India bears the brunt: Nifty crashes 1,100, Sensex nosedives 3,900 points after US trade shock



India woke up to a financial jolt this morning as its equity markets suffered their steepest fall in nearly a year, shaken by the ripple effects of US President Donald Trump’s aggressive new tariff regime. The Sensex plunged over 3,900 points at opening bell, while the Nifty tumbled more than 1,100 points, dragging Indian stocks to a 10-month low.


This sharp decline follows a global equity rout triggered by Trump's protectionist measures, which have sent panic waves across Asia and raised the spectre of a global recession. Investors dumped shares in a massive sell-off, with Indian benchmarks reacting sharply in early trade. The Sensex dropped to 71,425.01 — down 3,939.68 points — while Nifty slipped to 21,743.65, marking a 3.5% slide from the last session.


Adding to the pressure, the Indian rupee depreciated 30 paise to open at 85.74 against the US dollar.

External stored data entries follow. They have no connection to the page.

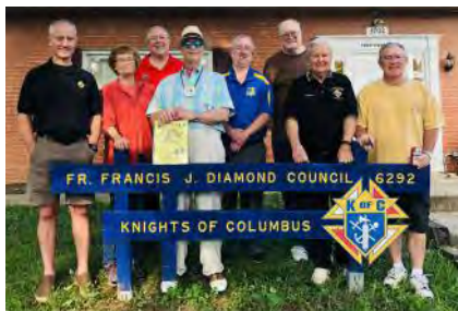
Some of the Crab Feast Crew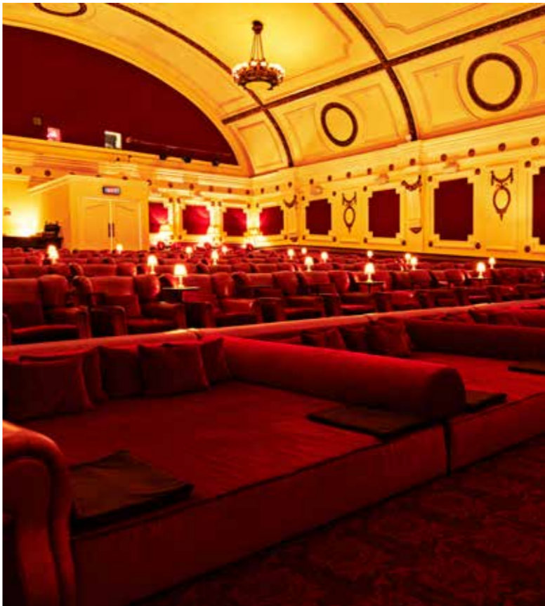
Clockwise from far left: Screening room Electric Shoreditch , Electric Portobello and Electric White City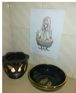
Kitchen Altar to Hestia. Book of Eucalypt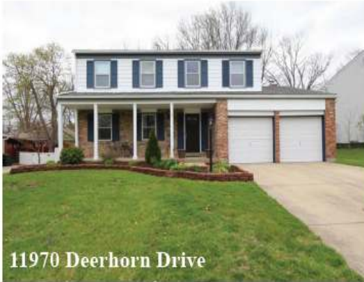
11970 Deerhorn Drive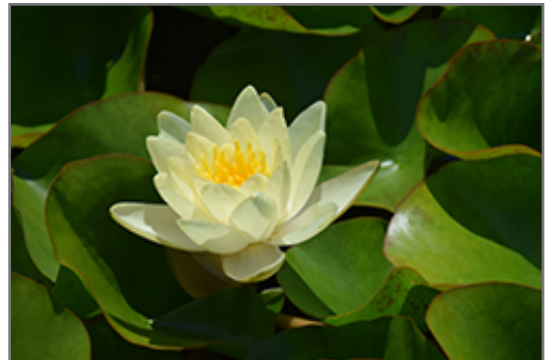
Marliacea Chromatella Hardy Water Lily flowers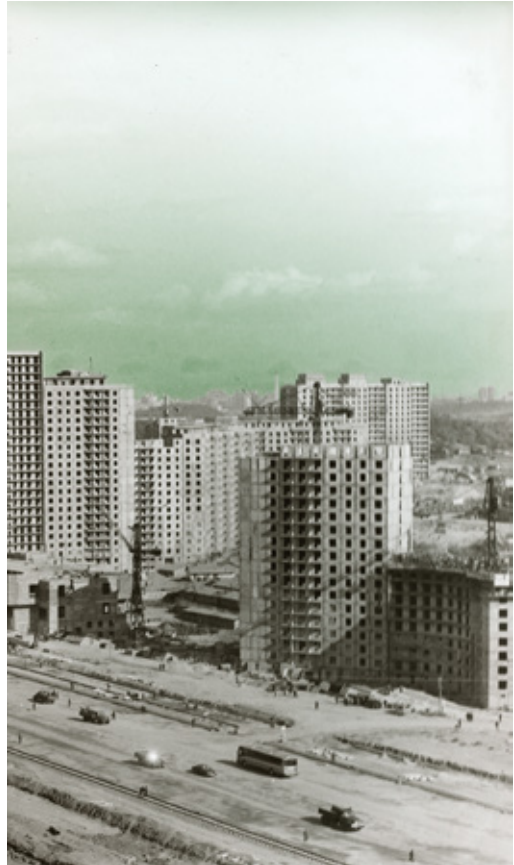
Artist: Seung Woo Back Title: Utopia #010 Medium: Archival Pigment Print Dimensions: 70 in x 128 in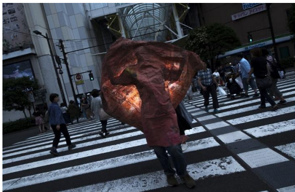
1. Today is the same as yesterday; tomorrow will be the same as today , 2019, C-type print at "Human Spring," Tokyo Photographic Art Museum, 2019

Awards: "The 33rd Kimura Ihei Award," 2007, "ICP Infinity Award," 2009.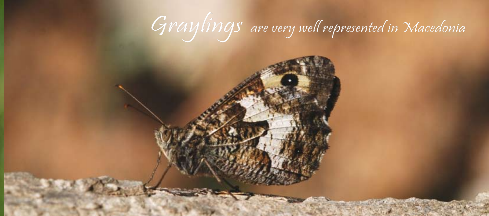
Graylings are very well represented in Macedonia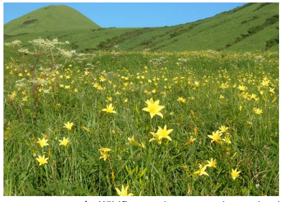
▲ Wildflowers in managed grassland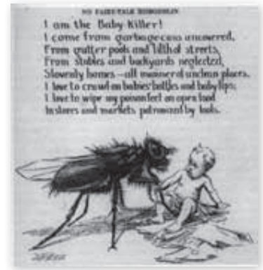
Newark Evening News, June 1916

The common drinking cup, which was widely used in public parks, schools and railway stations, had been

India Among the Hardest Hit

Trump’s latest tariff hike — framed as a push to restore fairness to global trade — has imposed country-specific duties that go as high as 50%. India has been slapped with a 26% tariff, while a 10% baseline duty applies to all nations. This has set alarm bells ringing among Indian exporters and traders already struggling with global demand volatility.


President Trump, unfazed by the financial carnage, likened the move to a bitter but necessary cure. “Sometimes you need the medicine to fix something,” he told reporters earlier today.


Analysts Urge Economic Safeguards

Market experts believe that India's current market turmoil isn't rooted in domestic issues but is rather a consequence of being tightly woven into global investment flows.


“India will face the heat, not due to domestic reasons, but as an interlinked chain in the global portfolio flows,” said Ajay Bagga, a noted market expert. “India will need a fiscal, monetary, and reform package to protect the domestic economy from this global economic winter that is threatening to settle in.”


Sunil Gurjar, SEBI-registered research analyst, warned that the Nifty50 index has breached its first support level and is approaching the next. "A further breakdown could worsen the trend and accelerate the fall," he cautioned.


Asian Markets Bleed

The tremors from Trump's announcement were first felt in Asia, with key markets suffering steep losses. China's stock markets fell over 4% amid retaliatory tariffs of 34% against the US. Hong Kong's Hang Seng nosedived more than 10%, while Japan’s Nikkei index fell 6.5% after plunging 8% earlier in the day. Taiwan saw a near-10% collapse, and Singapore dropped over 8%.


Wall Street Braces for Impact

US markets, though yet to open, appear set for a rough start. Futures contracts on the New York Stock Exchange are sharply down, suggesting heavy losses once trading resumes.


Market sentiment globally has turned bearish, with fears of a looming recession taking hold. Stephen Innes of SPI Asset Management described the scene as “free-fall mode,” noting, “Trump’s team isn’t blinking. The tariffs are being treated as a victory lap, not a bargaining chip.”